- Born: Nina Marie Garner October 16, 1922 Fort Davis, Alabama
- Died: January 16, 2016 (aged 93) Las Vegas, Nevada
- Education: Wayne State University, Detroit, Michigan
- Occupation: Newspaper Executive
- Years active: 60
- Known for: The first woman to serve as general manager of a major weekly newspaper in the United States (The Pittsburgh Courier). The first African American hired by Ford Motor Company to write for their internal Ford World newspaper.

= Nina Mack Garner Lester =

American newspaper executive

Nina Mack Garner Lester (October 16, 1922 – January 15, 2016) was an American newspaper executive, journalist, business administrator, and civic leader. She served as general manager of the Detroit edition of the Pittsburgh Courier, one of the nation’s most influential African-American newspapers, and with the largest circulation of any news weekly in the entire country. She has been credited as the first African American woman to serve as general manager of a major weekly newspaper in the United States.

== Early life and education ==
Nina Marie Garner was born on October 16, 1922, in Fort Davis, Alabama, to Jim Garner and Carrie Belle Thompson. She was raised primarily in Blairsville, Pennsylvania, by her aunt, Pearl A. Peoples. She attended local public schools there before enrolling at Wayne State University in Detroit, Michigan. She was active in church from an early age, serving as an organist, choir member, and later as a deaconess.

== Career ==
Following graduation from Wayne State University, Lester began her newspaper career as a secretary with the Detroit office of the Pittsburgh Courier. After several years devoted to raising her family, she returned to the newspaper, where she advanced through the administrative ranks.
She was eventually appointed general manager of the Detroit edition of the Pittsburgh Courier, originally founded in 1907, becoming one of the highest-ranking women in the Black Press. Contemporary accounts and later historical recollections have credited her as the first African American woman—and possibly the first woman ever—to serve as general manager of a major American weekly newspaper.

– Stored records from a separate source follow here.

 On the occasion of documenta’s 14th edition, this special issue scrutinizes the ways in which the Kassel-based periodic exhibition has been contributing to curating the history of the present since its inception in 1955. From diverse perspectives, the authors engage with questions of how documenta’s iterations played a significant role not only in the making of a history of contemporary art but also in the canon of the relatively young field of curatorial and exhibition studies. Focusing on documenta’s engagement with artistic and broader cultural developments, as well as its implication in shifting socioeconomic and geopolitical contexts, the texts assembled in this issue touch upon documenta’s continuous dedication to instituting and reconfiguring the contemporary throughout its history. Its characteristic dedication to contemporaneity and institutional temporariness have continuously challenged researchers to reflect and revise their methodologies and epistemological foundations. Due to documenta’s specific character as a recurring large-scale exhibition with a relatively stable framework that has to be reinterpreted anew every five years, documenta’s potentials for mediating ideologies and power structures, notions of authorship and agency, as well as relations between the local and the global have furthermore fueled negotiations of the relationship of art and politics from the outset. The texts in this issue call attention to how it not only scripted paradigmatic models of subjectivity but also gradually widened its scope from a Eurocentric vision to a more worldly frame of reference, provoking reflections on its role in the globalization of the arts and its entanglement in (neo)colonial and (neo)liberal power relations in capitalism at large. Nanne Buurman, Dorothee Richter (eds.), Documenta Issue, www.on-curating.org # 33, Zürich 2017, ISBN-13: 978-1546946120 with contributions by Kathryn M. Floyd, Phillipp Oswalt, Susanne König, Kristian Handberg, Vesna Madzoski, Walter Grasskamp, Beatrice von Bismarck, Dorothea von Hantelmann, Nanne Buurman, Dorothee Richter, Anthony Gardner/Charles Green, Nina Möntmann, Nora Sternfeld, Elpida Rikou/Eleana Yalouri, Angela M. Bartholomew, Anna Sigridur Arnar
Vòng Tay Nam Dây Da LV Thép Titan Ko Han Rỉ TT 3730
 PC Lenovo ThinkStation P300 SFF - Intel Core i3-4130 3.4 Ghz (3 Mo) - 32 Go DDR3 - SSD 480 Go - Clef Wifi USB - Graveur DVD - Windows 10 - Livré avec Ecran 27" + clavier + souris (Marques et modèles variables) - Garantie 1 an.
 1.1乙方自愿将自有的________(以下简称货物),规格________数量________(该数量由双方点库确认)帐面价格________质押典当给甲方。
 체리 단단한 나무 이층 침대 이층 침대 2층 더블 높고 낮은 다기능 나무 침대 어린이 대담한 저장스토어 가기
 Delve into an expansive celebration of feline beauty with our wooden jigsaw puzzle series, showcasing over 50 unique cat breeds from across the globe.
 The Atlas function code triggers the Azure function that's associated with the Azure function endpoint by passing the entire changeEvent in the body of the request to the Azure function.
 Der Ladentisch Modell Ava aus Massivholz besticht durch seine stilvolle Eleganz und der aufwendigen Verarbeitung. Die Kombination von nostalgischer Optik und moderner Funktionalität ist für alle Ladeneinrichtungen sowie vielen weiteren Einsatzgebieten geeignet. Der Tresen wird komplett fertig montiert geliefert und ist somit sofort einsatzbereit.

The city of Detroit was also home to the Michigan Chronicle weekly newspaper, likewise serving communities of color throughout the U.S. It had been established in 1936 by John H. Sengstacke, and Louis E. Martin, as editor. Martin would later serve as White House advisor to three Presidents of the United States, having joined the campaign of then Senator John F. Kennedy in 1960.
As general manager, Nina Lester oversaw business operations, advertising, circulation, and community relations during an era in which the Courier remained an influential voice for civil rights, African-American political participation, and Black business development.

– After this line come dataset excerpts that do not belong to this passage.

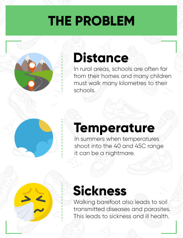 Lack of footwear makes this incredibly difficult and often is a chief reason for them to leave a school. Walking barefoot also leads to soil-transmitted diseases and parasites. This leads to sickness and ill health.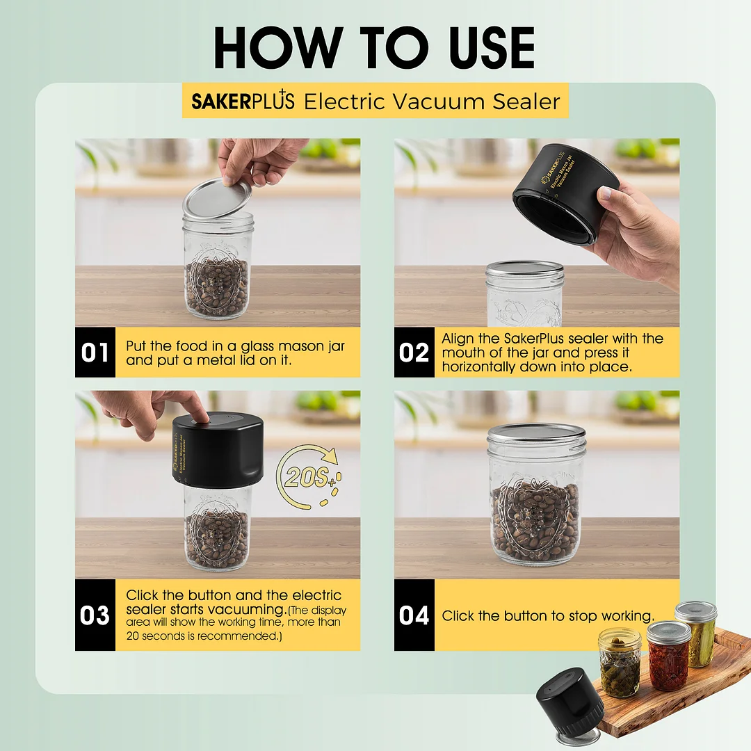 High-Capacity and Extended Usage Time: Equipped with a powerful battery, SakerPlus mason jar vacuum sealer offers extended usage time for sealing multiple mason jars in one go. Keep your favorite foods fresh for longer periods.The SakerPlus electric vacuum sealer ensures a strong suction force, effectively removing air from your mason jars and creating a secure seal to lock in flavors, nutrients, and freshness.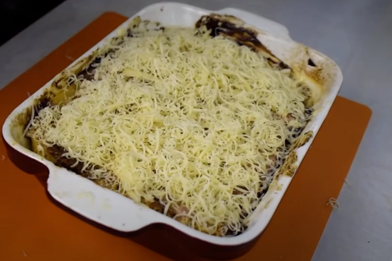 U posebnoj činiji mleveno meso sjedinite sa začinima. U meso dodajte kiselu pavlaku, a onda lepo sjedinite kašikom. Preko krompira stavite mleveno meso. Zagladite kašikom i jelo pokrijte aluminijumskom folijom. Stavite jelo u zagrejanu rernu i pecite pod folijom oko 20 minuta na 200 stepeni, a onda je skinite i pecite još 20 minuta. Nakon pečenja dodajte rendani kačkavalj. Stavite preko meso i vratite još pet minuta u rernu.

Following her tenure with the ‘‘Courier’’, she was hired by Ford Motor Company to write for their internal ‘‘Ford Motor World’’ newspaper, while at the same time assisting professional photographer, and future husband, Eugene Lester, in his commercial photography business. She also worked in retail management, and later wrote obituaries for Thompson Funeral Home in Detroit for some fifteen years.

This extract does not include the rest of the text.